-- Dataset extract --
++++++++

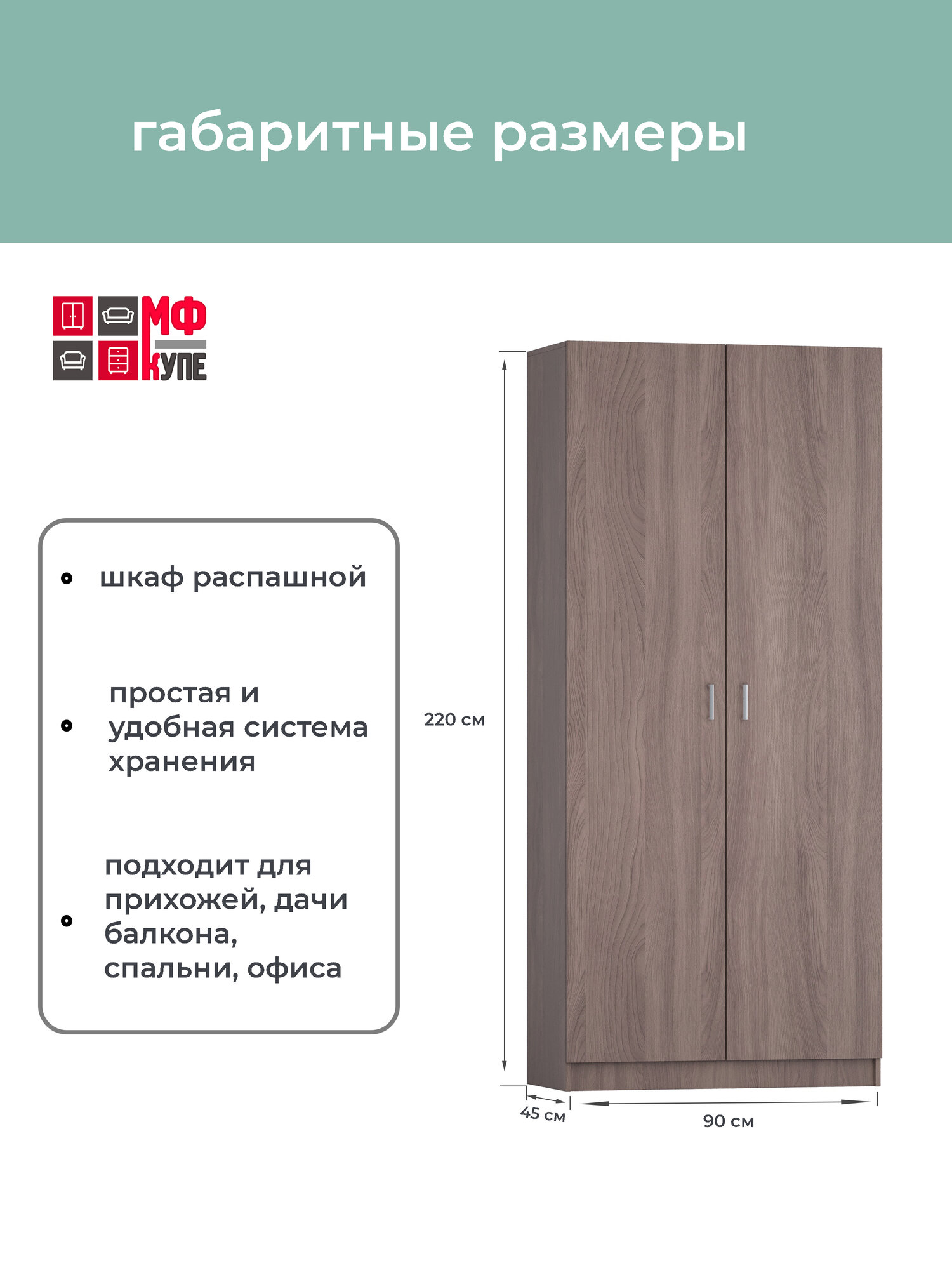 Шкаф двухдверный распашной, Далия эконом 2 900-450-2200, цвет Ясень шимо темный наполнение белье информация:
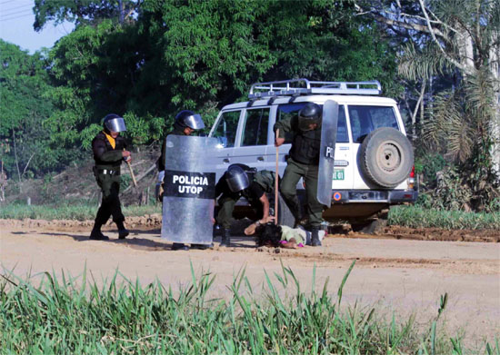 El Deber had a similar coverage, you can read the whole Spanish article in the link below. This ia a picture of police members arresting one of the peaceful TIPNIS marchers on their way to La Paz, it was a 66 day ordeal and the reason for Llorenti’s dismissal from public office and expulsion from the Bolivian Human Rights office, as he was HR’s past-president for Bolivia.
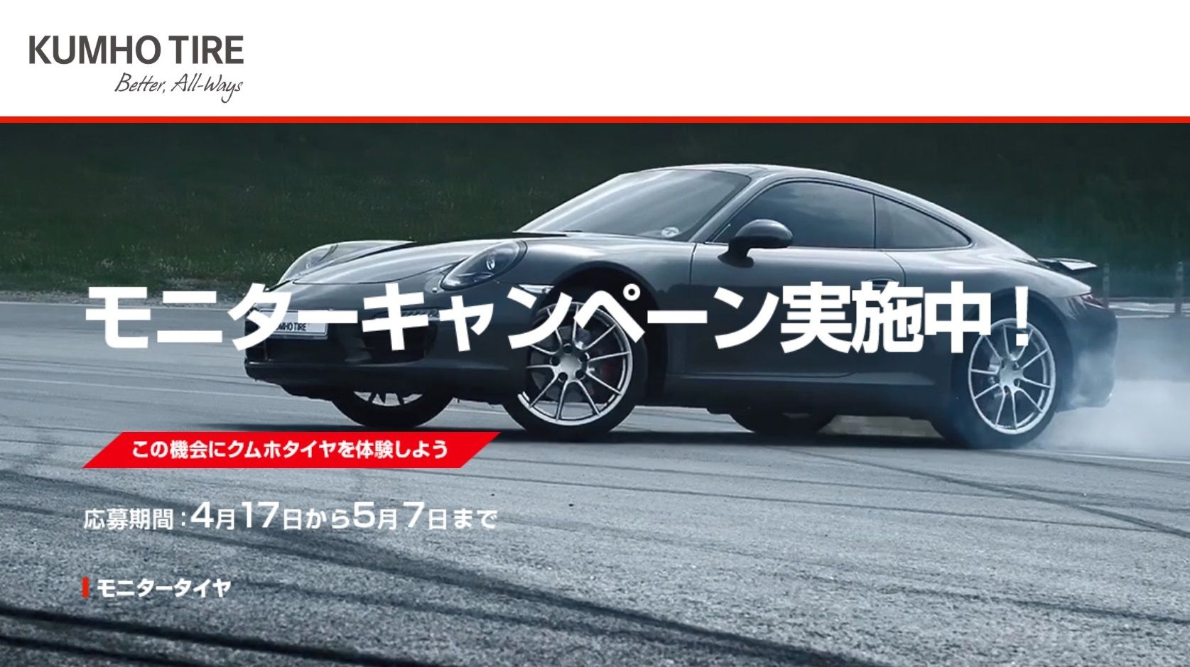 クムホ、タイヤモニターキャンペーン 4製品対象 応募5/7まで
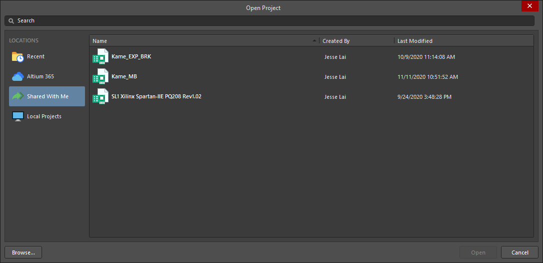 As an outside user, when opening the managed project (File ยป Open Project) shared without invitation to the workspace, please set the Location to "Shared With Me", and you will be see a list of shared designs.
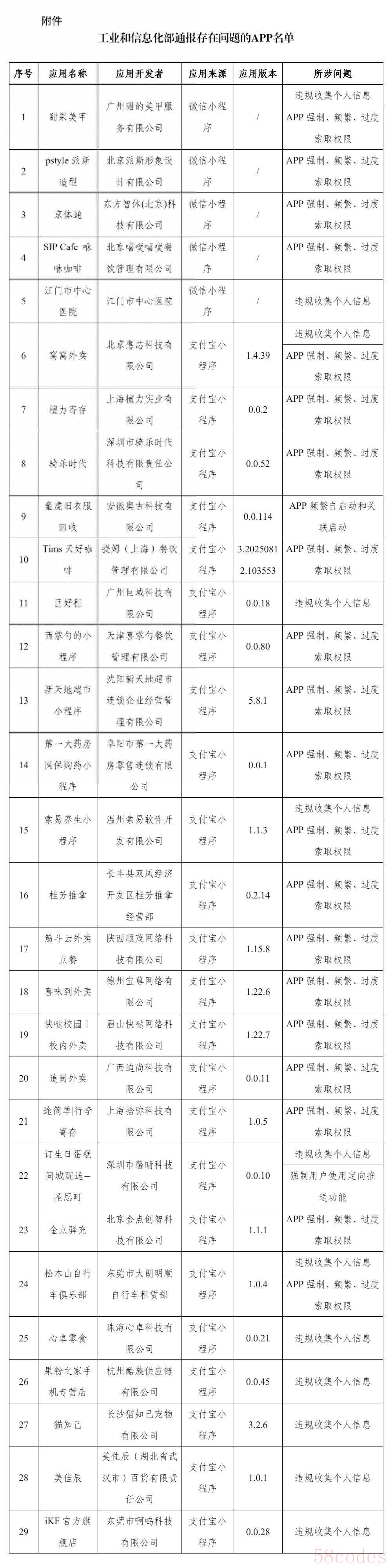 人民网北京9月18日电 (记者申佳平)据“工信微报”消息,根据中央网信办、工业和信息化部、公安部、市场监管总局等四部门联合发布的《关于开展2025年个人信息保护系列专项行动的公告》,依据《个人信息保护法》《网络安全法》《电信条例》《电信和互联网用户个人信息保护规定》等法律法规,工业和信息化部对APP违法违规收集使用个人信息等问题开展治理。近期,经组织第三方检测机构进行抽查,共发现29款APP存在侵害用户权益行为。

++++++++

-- Task item --
Exclude all pictures and return precisely the lines from the one containing "As an outside" through the closing line of the data.

-- Finished exercise --
 As an outside user, when opening the managed project (File ยป Open Project) shared without invitation to the workspace, please set the Location to "Shared With Me", and you will be see a list of shared designs.
 人民网北京9月18日电 (记者申佳平)据“工信微报”消息,根据中央网信办、工业和信息化部、公安部、市场监管总局等四部门联合发布的《关于开展2025年个人信息保护系列专项行动的公告》,依据《个人信息保护法》《网络安全法》《电信条例》《电信和互联网用户个人信息保护规定》等法律法规,工业和信息化部对APP违法违规收集使用个人信息等问题开展治理。近期,经组织第三方检测机构进行抽查,共发现29款APP存在侵害用户权益行为。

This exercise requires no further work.